A motion to change judges is properly denied when it is “essentially a ‘judge shopping’ attempt” to have a case reassigned to another judge “in the hopes of obtaining a more favorable result.” See United States v. Urben-Potratz, 470 F.3d 740, 745 (8th Cir.2006); see generally Little Rock School Dist. v. Pulaski County Special School Dist. No. 1, 839 F.2d 1296, 1302 (8th Cir.1988) (28 U.S.C. § 455(a), the federal recusal statute, emphatically “does not provide a vehicle for parties to shop among judges”). A district court's sentencing philosophy cannot form the basis for reassignment to another judge. The district court did not abuse its discretion in denying Williams's motion to transfer the case.

B.

Williams argues that the district court abused its discretion in denying his motion for access to the PSR and the sentencing transcript of Lamarr Parks. Williams claims he needed these materials in order to compare sentences to show disparity under 18 U.S.C. § 3553(a)(6). The district court denied his motion, ruling that disclosure was “not necessary.”
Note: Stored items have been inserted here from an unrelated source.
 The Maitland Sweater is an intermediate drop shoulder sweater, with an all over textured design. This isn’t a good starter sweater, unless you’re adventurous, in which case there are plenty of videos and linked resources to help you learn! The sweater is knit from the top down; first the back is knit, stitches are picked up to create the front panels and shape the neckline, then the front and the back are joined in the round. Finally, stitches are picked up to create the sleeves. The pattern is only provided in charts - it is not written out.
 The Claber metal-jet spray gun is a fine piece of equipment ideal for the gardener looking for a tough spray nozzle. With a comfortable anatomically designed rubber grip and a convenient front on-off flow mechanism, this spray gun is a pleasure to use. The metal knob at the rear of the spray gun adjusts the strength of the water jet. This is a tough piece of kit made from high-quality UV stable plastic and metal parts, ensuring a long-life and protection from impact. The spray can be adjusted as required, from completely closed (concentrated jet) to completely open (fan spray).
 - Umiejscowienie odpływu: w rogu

A district court's decision whether to provide access to a PSR is reviewed for abuse of discretion. See United States v. Spotted Elk, 548 F.3d 641, 672 (8th Cir.2008); United States v. McKnight, 771 F.2d 388, 391 (8th Cir.1985). While Fed.R.Crim.P. 32 mandates the disclosure of the PSR to the defendant, it does not address disclosure to a third party. There must be “some showing of special need” before a district court releases a PSR to a third party. Spotted Elk, 548 F.3d at 672 (8th Cir.2008); see also United States v. Jewell, 614 F.3d 911, 921-22 (8th Cir.2010) (describing this court's “special need” standard as similar to the Second Circuit's requirement of “a threshold showing of a good faith belief that a co-defendant's PSR contains exculpatory evidence not available elsewhere.”) (citing United States v. Molina, 356 F.3d 269, 274-75 (2d Cir.2004)).
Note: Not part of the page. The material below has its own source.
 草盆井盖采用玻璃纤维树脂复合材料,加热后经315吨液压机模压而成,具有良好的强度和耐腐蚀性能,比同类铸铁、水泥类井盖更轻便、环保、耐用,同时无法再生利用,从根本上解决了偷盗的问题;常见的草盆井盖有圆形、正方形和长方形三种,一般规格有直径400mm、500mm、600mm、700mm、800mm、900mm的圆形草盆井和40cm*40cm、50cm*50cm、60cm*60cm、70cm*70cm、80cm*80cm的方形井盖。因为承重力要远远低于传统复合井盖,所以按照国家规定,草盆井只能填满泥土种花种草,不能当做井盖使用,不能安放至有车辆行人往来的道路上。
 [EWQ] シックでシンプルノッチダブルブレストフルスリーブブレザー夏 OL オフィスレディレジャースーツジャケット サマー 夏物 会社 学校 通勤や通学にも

PSRs contain sensitive information, and “are generally treated as confidential.” United States v. Shafer, 608 F.3d 1056, 1066 (8th Cir.2010). After a showing of special need, the district court should conduct an in camera review of the requested report, and then disclose exculpatory or impeachment material as appropriate. See id.; United States v. Garcia, 562 F.3d 947, 953 (8th Cir.2009) (holding that the...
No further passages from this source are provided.